# Compaq NC6000 Drivers?



## davmax (Sep 11, 2009)

I am setting up a replacement motherboard with a fresh standard XP Pro install. No HP install CD. Have downloaded and installed all drivers that I can identify and have upgraded to the latest bios F15
In Device Manager two unknown devices seem to need drivers. I have been unable to identify these.

Does anybody know what they are? Or How to find out? Or fix?

See attachments. 
Unknown: shows the unidentified items
System: shows install system devices to assist.


----------



## Madcatz (Apr 15, 2008)

Two ways to find out, but one looks like it you may need to get the chipset drivers.

You can click the link in my sig for unknown device identifier, or also a program called Astra32 works really good also. Both will give you more info on each device, usually who made it and a chip number that can be looked up to find out what it is.


----------



## davmax (Sep 11, 2009)

Thanks Madcatz. Chipset driver software is not the problem. The result is the same if I install them or not. Windows XP SP2 recognises the chipset and installsthe drivers.

The motherboard also has no audio output on speakers or headphones!! All drivers are loaded and evrything including DirectX indicates all is fine


Thanks for the tips I will try them.


----------



## BCCOMP (Jul 9, 2007)

The Base System Device is usually a Card Reader:
http://h20000.www2.hp.com/bizsuppor...&swLang=8&mode=2&taskId=135&swItem=ob-24461-1

On the Unknown Device:
Right Click on the error>Properties>Details Tab
Post the info you find under Device Instance ID.

Thanks,
Bill


----------



## davmax (Sep 11, 2009)

The Unknown identifier revealed the Base system device as the card bus for which I have apparently installed the wrong driver. HP downloads has two drivers for the NC6000, the TI version is not applicable.

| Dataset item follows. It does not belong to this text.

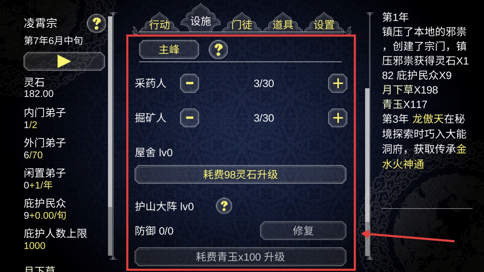 提升【屋舍】与【护山大阵】的等级,通过消耗【灵石】和【青玉】来强化宗门根基,科学调配资源能够进一步提升宗门的发展潜力。

Unknown device shows as Part of Intel 82801DBM Interface controller. ACPI\IFX0101\4&32D50C2&0

Looking at Intel site it is possible that this is AC97 issue. I do have no audio from the motherboard. The main audio driver indicates all OK (Device Manager and DirectX).

I have not yet installed the AC97 driver as this seemed related to the modem install and I did not want to stuff up the main audio driver.


----------



## BCCOMP (Jul 9, 2007)

Sorry about the TI driver.
HP list the O2 Micro down the page a bit and I missed it.
Did the 02 Micro work?

The other error you mentioned (ACPI\IFX0101\4&32D50C2&0) should be this driver:
http://h20000.www2.hp.com/bizsuppor...=8&mode=2&taskId=135&swItem=PSG_I23396-108413

As far as the sound:
Have you checked to see if the volume is up or not muted?
Do you "see" the sound card in the Audio Properties?
Can I get a screenshot with the Audio + Open
Bill


----------



## davmax (Sep 11, 2009)

Thanks Bill. I will try the driver. Your link goes to driver version 4B, I am wondering if would be better to go with the one listed for the NC6000 ie version 1-71-146-0. A bit careful in that I have a good clean XP install ( fourth install) now that the card bus is fixed.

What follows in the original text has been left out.